We present the new open source C++-based Python library CosTuuM that can be used to generate infrared absorption and emission coefficients for arbitrary mixtures of spheroidal dust grains that are (partially) aligned with a magnetic field. We outline the algorithms underlying the software, demonstrate the accuracy of our results using benchmarks from literature, and use our tool to investigate some commonly used approximative recipes. We find that the linear polarization fraction for a partially aligned dust grain mixture can be accurately represented by an appropriate linear combination of perfectly aligned grains and grains that are randomly oriented, but that the commonly used picket fence alignment breaks down for short wavelengths.

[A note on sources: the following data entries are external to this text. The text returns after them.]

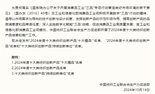 導(dǎo)讀:近日,中國紡織工業(yè)聯(lián)合會(huì)生產(chǎn)力促進(jìn)部發(fā)布了“2024年度十大類紡織創(chuàng)新產(chǎn)品‘十大精品’”名單、“2024年度十大類紡織創(chuàng)新產(chǎn)品”名單和“十大類紡織創(chuàng)新產(chǎn)品‘持續(xù)創(chuàng)新單位’”名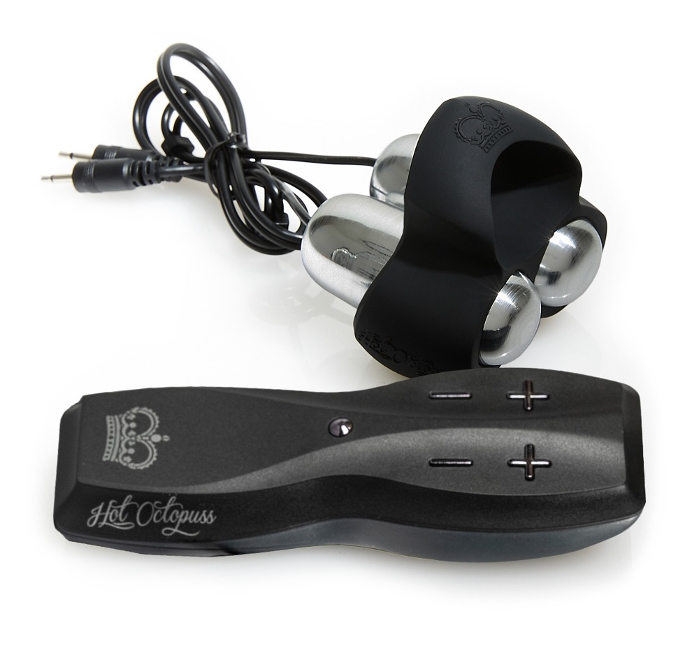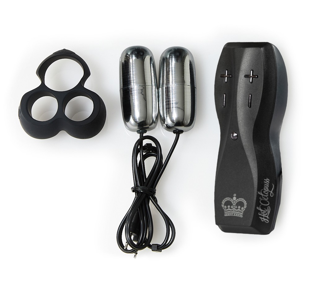 Hot Octopuss developed their first vibro cock ring, JETT, that is worn directly at the frenulum, just below the tip of the penis. Its innovative treble and bass technology stimulates Him with contrasting frequency waves. In order to do so, the JETT is equipped with 2 removable vibro-bullets with differently sized motors: The treble bullet creates high frequency vibrations, while the bass bullet provides low frequency vibrations. The Bullets’ intensities are separately adjustable with the wired controller. Additionally, the JETT has 5 intense vibration modes offering unique vibration rhythms with high and low frequencies in variable intensities. The Jett is pleasantly flexible, while also providing a tight fit for an intense and pleasurable stimulation without using hands.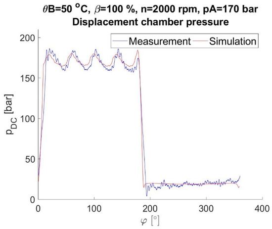 Prediction vs. measurement; displacement chamber pressure.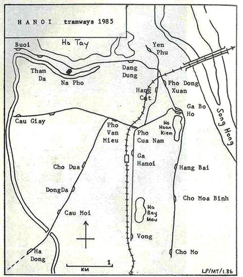 Sơ đồ các tuyến tàu điện Hà Nội năm 1985. |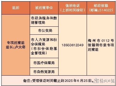 本次专项巡察时间为4月下旬至6月下旬。其间,市委专项巡察组设立专门联系电话和信箱,主要受理反映涉及政务服务工作方面问题的来信来电来访。受理信访时间截止到2025年6月25日。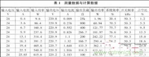 實驗結(jié)果表面,輸出電壓穩(wěn)定在220V,紋波電壓較小。最大輸出功率能達到近600W,系統(tǒng)效率基本穩(wěn)定在80%,達到預(yù)期效果。如下表1所示。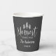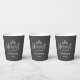Merriest Weihnachten rustikale Typografie Urlaub Papier Tassen. Mit modernem handgezeichneten Text und Bäumen. Farbe kann angepasst werden.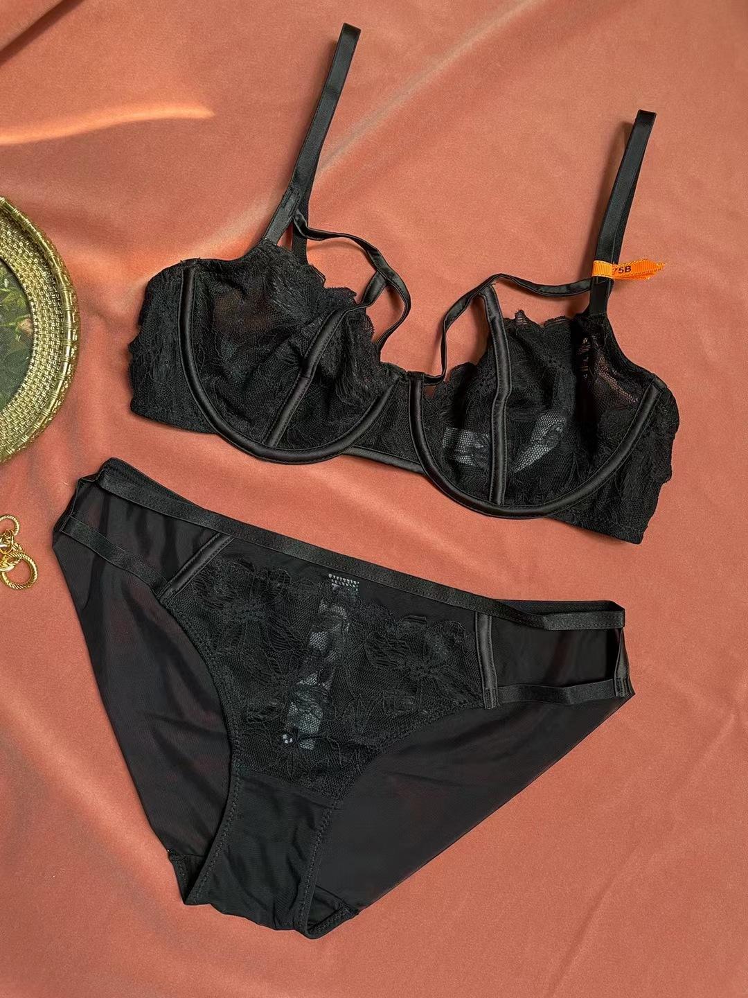 Íntimos de Renda Ultrafinos Europeus e Americanos Sutiã Push-Up Bordado Seios Grandes Mostram Pequeno Conjunto de Sutiã Sexy Sutiã Sutiã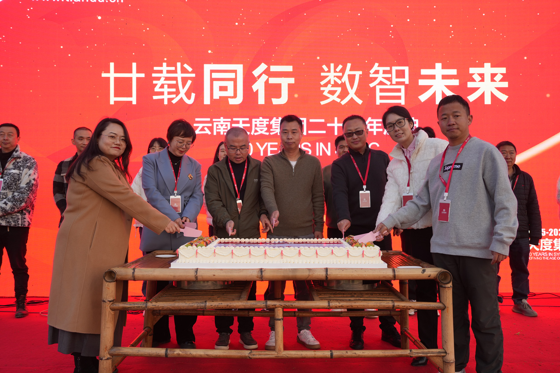 随后,郑桂文董事长率集团高管团队共同切开精心设计的二十周年巨型庆典蛋糕。甜蜜的喜悦,由所有天度人共同分享,将现场气氛推向首个高潮。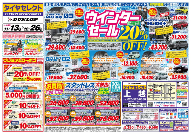 タイヤセレクト上越では、明日までウインターSALE実施中ですが、 今日の夕方より、雪の降り方が強まる予報となっております。 今履いているタイヤ点検や心配などありましたら、お早めにご相談ください。 ご来店の...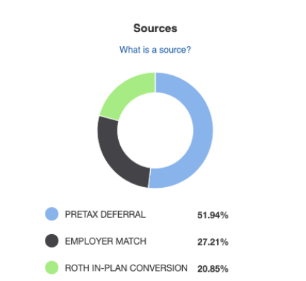 a) Log into fidelity.com and go to your 401(k) account dashboard. b) Click on your 401(k) plan to open the account details. c) Look for the section titled “I Want To…” and click on “View Balances.” d) On the balances page, you’ll see a “Sources” pie chart. This will break down your contributions by type.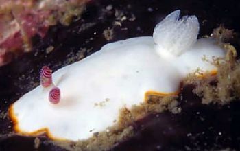 • Noumea nivalis - has a single orange-yellow band around the mantle edge; the upper half of the rhinophore club is orange, the lower white, and the white gills are orange tipped. There can sometimes be a few diffuse orange spots on the mantle.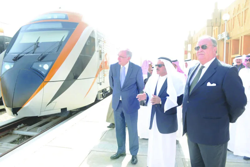 رئيس المؤسسة العامة للخطوط الحديدية والسفير الإسباني لدى تدشين أربعة قطارات بمدينة الدمام أمس («الشرق الأوسط»)

We also find that for a fixed dust grain size, the absorption coefficients and linear polarization fraction for a realistic mixture of grains with various shapes cannot both be accurately represented by a single representative grain with a fixed shape, but that instead an average over an appropriate shape distribution should be used. Insufficient knowledge of an appropriate shape distribution is the main obstacle in obtaining accurate optical properties. CosTuuM is available as a standalone Python library and can be used to generate optical properties to be used in radiative transfer applications.